I am new to OpenCL and to this forum. I wrote a simple application for my purposes to measure the peak FLOP/s of a device in OpenCL. I wanted to check how the datatypes affect the performance.
Basically I just ported my older code from CUDA in order to compare the results as I am considering OpenCL as an alternative. It is based on a simple FMAD code to maximize the throughput.


I programmed it under Windows as I couldn't make NVIDIA and ATI GPUs work together in Linux.
So here's my first question - has anyone succeeded having OpenCL capable GeForce/TESLA and Radeon in Linux? I've noticed that the drivers do something with the kernel, hence the problem.
The second one is related to OpenCL - Sometimes when I run the program on weaker GPUs (i.e. mobile ones) I get an error indicating that it is out of the resources.
Is there any way of getting information about that in advance - before actually running a kernel?
The GPU driver crashes sometimes because of that, it would be good to avoid that.

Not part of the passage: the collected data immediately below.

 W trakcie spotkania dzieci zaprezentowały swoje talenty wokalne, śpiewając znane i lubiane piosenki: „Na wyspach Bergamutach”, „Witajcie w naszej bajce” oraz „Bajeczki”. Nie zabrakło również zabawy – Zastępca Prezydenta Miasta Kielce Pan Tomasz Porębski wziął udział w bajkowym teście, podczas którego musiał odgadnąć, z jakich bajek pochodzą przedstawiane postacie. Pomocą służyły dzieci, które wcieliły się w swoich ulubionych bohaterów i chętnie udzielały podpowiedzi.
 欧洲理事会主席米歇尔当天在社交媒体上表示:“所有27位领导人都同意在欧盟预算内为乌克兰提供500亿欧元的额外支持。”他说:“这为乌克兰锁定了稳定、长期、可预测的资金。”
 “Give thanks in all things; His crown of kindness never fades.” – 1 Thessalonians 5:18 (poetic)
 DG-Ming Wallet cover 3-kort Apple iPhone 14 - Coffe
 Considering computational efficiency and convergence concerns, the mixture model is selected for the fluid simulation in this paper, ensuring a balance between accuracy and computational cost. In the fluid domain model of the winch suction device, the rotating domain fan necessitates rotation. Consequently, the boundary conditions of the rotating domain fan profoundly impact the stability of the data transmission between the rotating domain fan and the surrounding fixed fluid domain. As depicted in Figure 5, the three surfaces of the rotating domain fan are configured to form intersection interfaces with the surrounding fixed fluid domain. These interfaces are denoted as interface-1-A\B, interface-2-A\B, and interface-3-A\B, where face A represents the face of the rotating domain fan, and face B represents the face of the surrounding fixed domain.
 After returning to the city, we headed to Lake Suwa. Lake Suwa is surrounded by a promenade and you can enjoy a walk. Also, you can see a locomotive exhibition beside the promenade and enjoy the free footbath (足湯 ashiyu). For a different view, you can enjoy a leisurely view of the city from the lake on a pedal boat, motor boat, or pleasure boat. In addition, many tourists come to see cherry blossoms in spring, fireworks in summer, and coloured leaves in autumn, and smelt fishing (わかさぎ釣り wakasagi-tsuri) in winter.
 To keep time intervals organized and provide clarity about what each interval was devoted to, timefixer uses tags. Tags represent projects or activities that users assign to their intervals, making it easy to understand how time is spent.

Anyway, you can download the exe here

http://olab.is.s.u-tokyo.ac.jp/~kamil.rocki/FlopsCL.exe

or here

http://olab.is.s.u-tokyo.ac.jp/~kamil.r ... jects.html

and test it. So far I've run it on AMD, Intel and NVIDIA platforms and several ATI/NVIDIA GPUs + Intel Sandy Bridge/Ivy Bridge CPUs. Seems to give proper results. Any comments/suggestions appreciated.

The problem size that can be adjusted is the number of workgroups (I named it 'Blocks' as in CUDA). If you are planning to use a weaker GPU you might want to decrease it. Larger problem give more precise measurements on average.

Feel free to use and share it if you find it useful.

Kamil